Talking Matters: A Knowledge Mobilization Project

These stories are from Bishop’s Alumni Magazine, edition No. 58 Fall 2022.

Everyone, at some point in their life, will be touched by the diseases of dementia and Alzheimer’s. They shall either fall victim to the disease, or find themself as caregiver and witness to the slow decline of cognitive functions with someone they love.

It is this decline in cognitive function that is the basis for a groundbreaking play, or knowledge mobilization project, which had its world premiere at the Turner Studio Theatre in May 2022.

Sterling Mawhinney and Sophie Kaplan during rehearsal (photo credit Justine Trempe)
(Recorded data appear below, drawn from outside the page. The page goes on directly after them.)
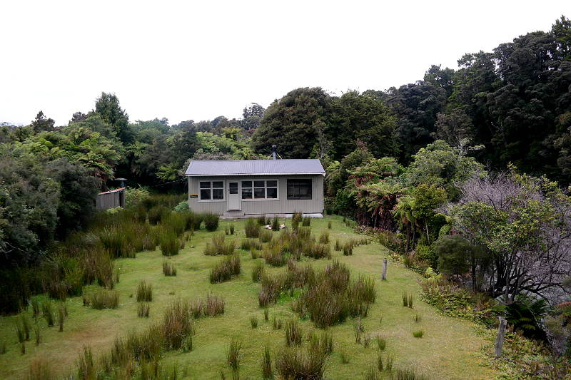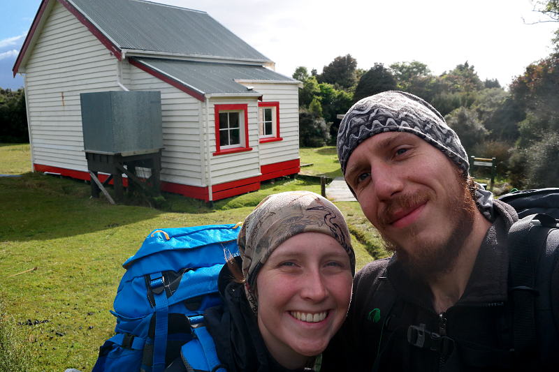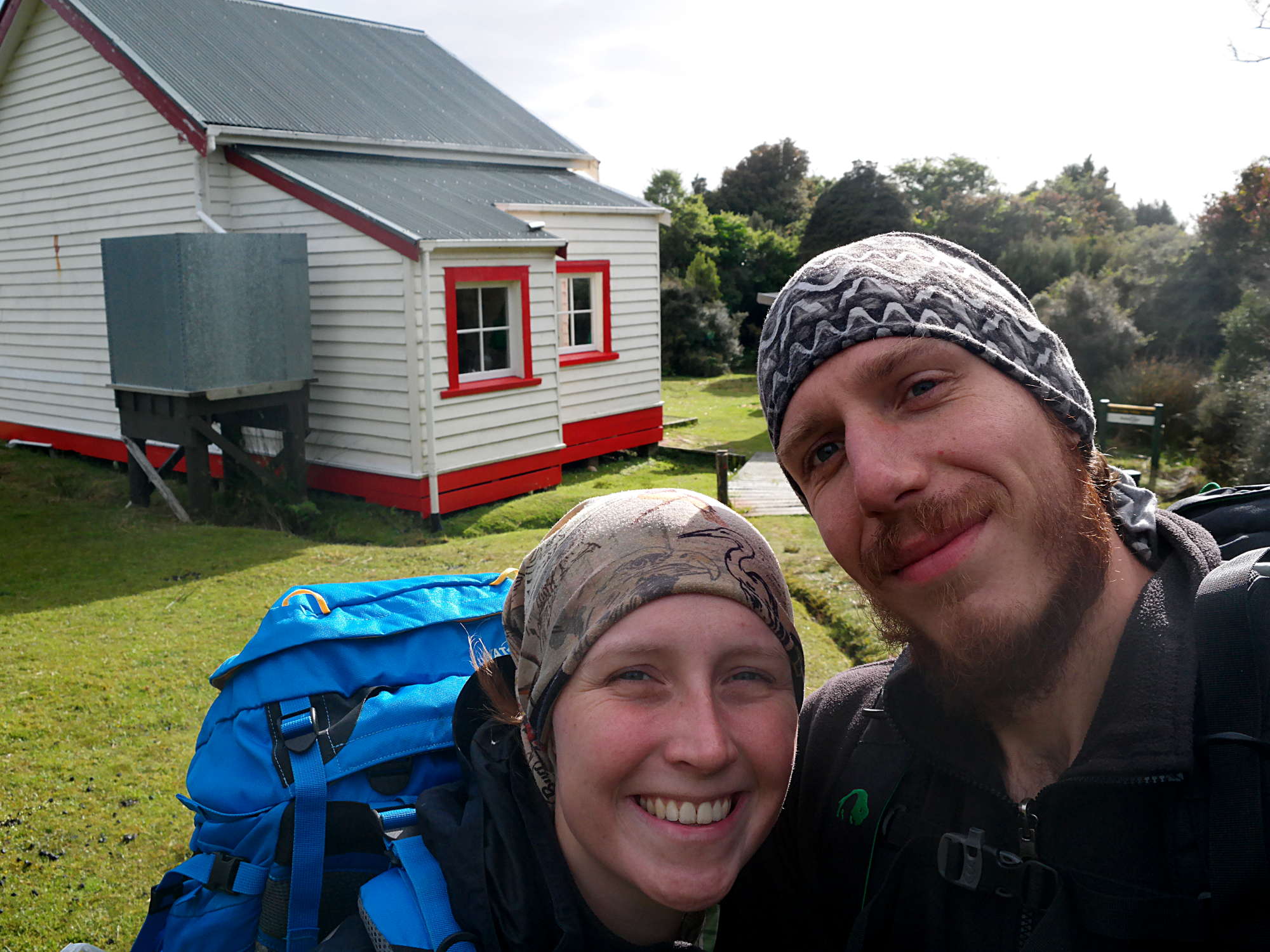 Nachdem der Teil des offiziellen „Hump Ridge Track“ vorbei war (der geht nach oben auf eine Anhöhe weiter) wurde es mit dem Matsch leider noch schlimmer. Ich habe irgendwann aufgegeben und bin einfach durch alles durchmaschiert. ^^ Nach 16 km Schlammschlacht waren wir sehr froh als endlich die Hütte in Sicht kam. 🙂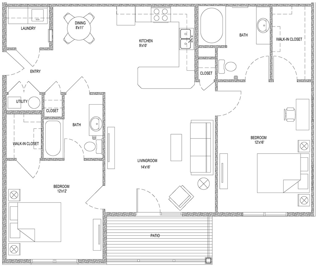 2 Dormitorios, 2 Baños, 1168 pies²Disponible AhoraGalería del Modelo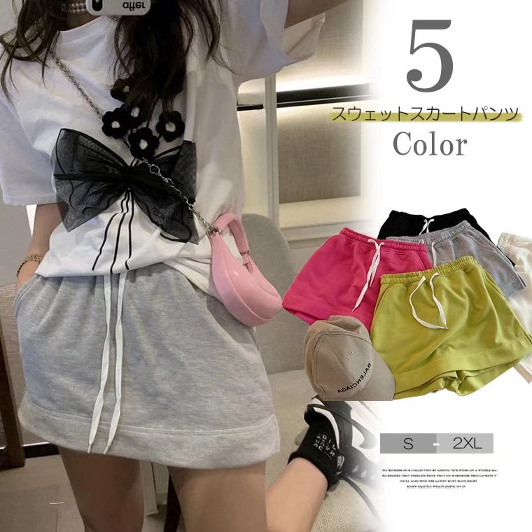 スカートライク S~2XL レディース スカート風 スウェット ショートパンツ スカパン スリム スウェットミニスカート パンツ ポケット付き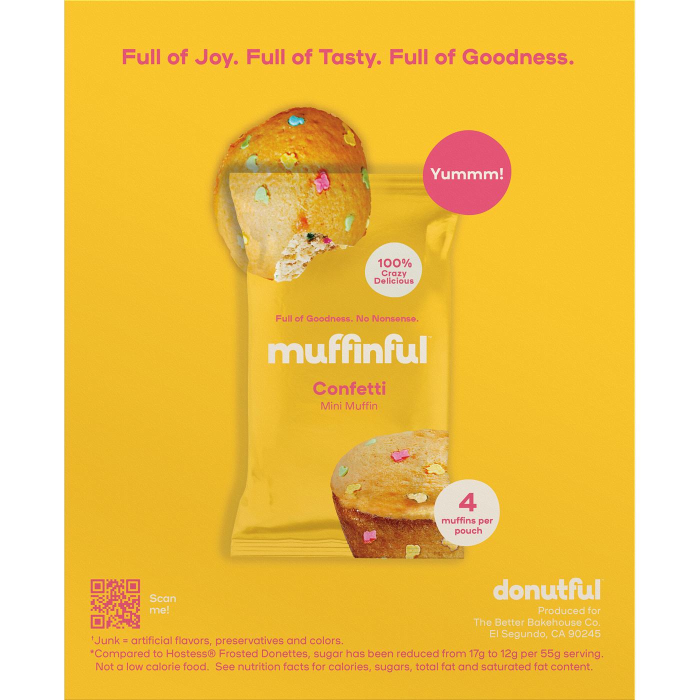 Indulge in the crazy delicious taste of Muffinful Confetti Mini Muffins. Made with simple ingredients and way less sugar, you can feel good about every bite. They're the perfect sweet breakfast or snack cakes to enjoy any time of the day. Our mini muffins are crafted with real, simple ingredients and our exclusive blend of goodness, creating a muffin that’s a work of art. We deliver 0% junk and 100% crazy delicious taste. We only use high-quality ingredients in our muffins. At Muffinful, we believe in keeping things real. That's why we don’t use any artificial sweeteners, colors or flavors in our mini muffins. We simply use less sugar and our proprietary recipe of high-quality ingredients for a perfectly sweet taste. Whether you're looking for a quick breakfast, a tasty snack, or a sweet treat, our Confetti Mini Muffins are the perfect choice. Enjoy crazy delicious muffins without the guilt with Muffinful.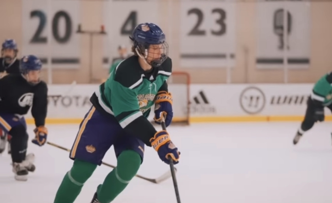 Sophomore Timofei Runtso drives up the ice towards the defending goal looking for an opportunity to score. Timofei scored two goals during the game contributing to the Mustangs victory.

Differing from other movies and plays that have dealt with this topic, Talking Matters sets out to teach and inform audiences in the new treatment called languaging. The central premise is that patients with early onset dementia have the ability to recall “lost” vocabulary. The technique requires patience and a willingness to spend time with the patient. The play strives to enable caregivers to practice this technique which has been shown to empower patients with their rediscovered vocabulary.

The project was the result of a collaboration between the Bishop’s Drama and Psychology departments, and the two playwrights, Marina Engelking and Merrill Swain. Ms. Engelking is a published author who has turned her sights towards playwriting, and Ms. Swain in a professor emeritus from the University of Toronto whose specialty is second language acquisition and more recently, language as a tool to combat mild cognitive deficiencies.

The play was directed by Wade Lynch, a professor in the Drama Department, who collaborated with Dr. Heather Lawford from the Psychology Department, to present this new knowledge mobilization project.

Mary Harvey and Sterling Mawhinney during rehearsal (photo credit Justine Trempe)

Performing in the play were Bishop’s drama students Sophie Kaplan and Alessia Hatch ’22, along with Professor Mary Harvey from the Drama Department and Sterling Mawhinney ‘88 from the Advancement Office.

The play was performed twice at the Turner Studio Theatre and again at the Grace Village, a retirement home located in Huntingville, QC. The Grace Village performance was particularly inspiring as the audience was made up of care workers, volunteers, and the families of patients in the “memory ward”, many of whom commented they preferred the information presented in play form rather than in written documentation.

The hope is, this project will gain notice from other municipalities and organizations who would benefit from the information and techniques presented in this production.